The issue of child support payments and assuring that children are properly cared for is rife with complexities. “There are a lot of kids out there with parents who just don’t pay, and for every dollar they’re not paying someone else has to pay,” noted Leah Ward Sears, former Chief Justice of the Georgia Supreme Court. “Too often it’s the taxpayers. They’re taxing the court systems that have to process them and taxing the jails that have to house them. They tax the welfare rolls. It also forces extended families – grandmothers and grandfathers – to pay.”

In Georgia, when people are found in contempt for failure to pay court-ordered child support, the court sets a “purge” fee that the parent can pay to avoid jail time. In some cases that policy is successful.

“We’ve seen some who’ve been jailed come up with $15,000 to $20,000 in a couple of days,” said Sheriff Butch Conway of Gwinnett County, Georgia. “Some will languish for months and not be able to come up with $100 or $200. Some can’t pay it, but, sadly, I think some do have the money but just don’t want to pay.”

However, it’s the people who simply can’t pay that puts the whole policy in question. “We don’t believe in debtor’s prisons in this country, and that’s what we’re doing here in some cases,” said Sears.

The case of Randy Miller, 39, a veteran, exemplifies that situation. Miller, who provided a statement to the Atlanta Journal-Constitution, was in the Floyd County Jail at the time due to his inability to pay a $3,000 purge fee.

In 2009, Miller lost his job as a service technician for AT&T. While his income disappeared, his court-ordered $452 monthly child support payments for his 16-year-old daughter continued to pile up. Court records show that his house went into foreclosure and he had only 30 cents left in the bank.

Yet in November 2010, he was sent to jail for four months for failure to pay $4,000 in child support. The bill continued to grow while he was incarcerated. “My biggest concern right now is finding some work,” Miller stated.

According to records from Gwinnett County, over the past decade 3,612 people were jailed for failure to pay child support, with each serving an average of 127 days.
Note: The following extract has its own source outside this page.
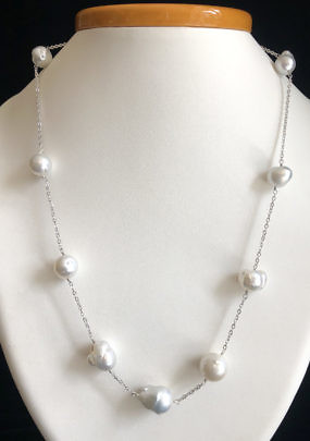 13mm x 11mm White South Sea Baroque Pearl Tin Cup Necklace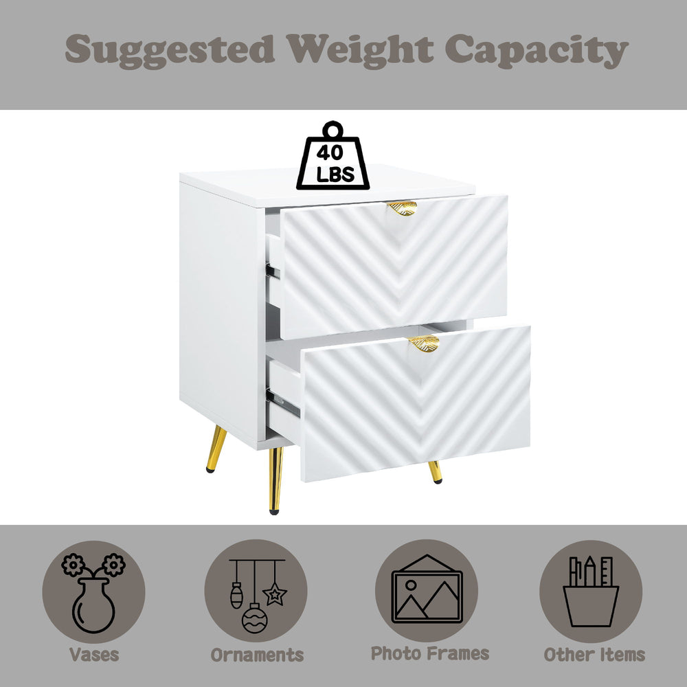 Sturdy Construction: With metal side drawer glides and a weight limit of 66 lbs on the top and 20 lbs per drawer, this nightstand offers both functionality and stability.

An Open Records Act request submitted to Georgia sheriffs by the Southern Center for Human Rights (SCHR) resulted in 135 responses from the state’s 150 counties, which revealed that 526 parents were jailed statewide for failing to pay child support.
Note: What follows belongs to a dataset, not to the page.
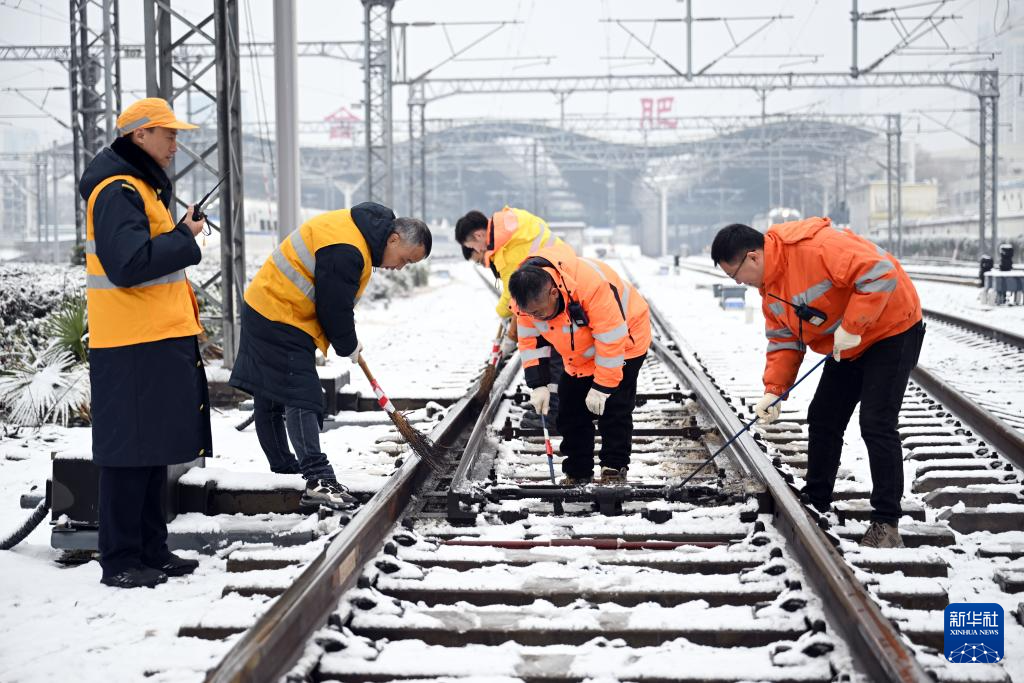 2月4日,合肥站工作人员在清扫道岔积雪。

“The people we see in jail are not wealthy ‘deadbeat’ dads,” said Sarah Geraghty with the SCHR. “They are often working people who have lost jobs and become indigent.”

Sometimes, the person jailed for failure to pay child support is not even the child’s parent. That was the situation with Frank Hatley, who spent more than a year behind bars for not having the money to pay court-ordered child support. He was sent to jail even though both the judge and state attorney knew Hatley was not the child’s father. Geraghly said Hatley should have been provided counsel at his contempt hearing.
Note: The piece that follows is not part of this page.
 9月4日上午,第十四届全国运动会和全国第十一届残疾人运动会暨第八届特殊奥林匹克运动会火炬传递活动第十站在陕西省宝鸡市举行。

Whether or not parents facing contempt proceedings are entitled to counsel was the subject of a case argued before the U.S. Supreme Court on March 23, 2011. That case was brought on behalf of Michael Turner, who spent over a year in jail after being found in contempt for not paying $5,700 in child support for his daughter. During the contempt hearing he informed the court he was addicted to drugs and had gotten clean, but once he found a job he broke his back. The court held people imprisoned for not paying court-ordered child support are not entitled to government-appointed counsel to contest or defend the charges. We will report the decision in greater detail in an upcoming issue of PLN. In May 2011, PLN published three articles detailing similar situations in Texas, Minnesota and other states where debtors are jailed for failure to pay court fees or child support obligations. [See: PLN, May 2011, pp.21, 26, 40].

It appears that in conjunction with the ongoing economic problems in the U.S., the return of debtor’s prisons is a growing trend. It is also a critical means of oppressing poor people and bringing them within the control of the modern American police state regardless of whether or not they commit crimes.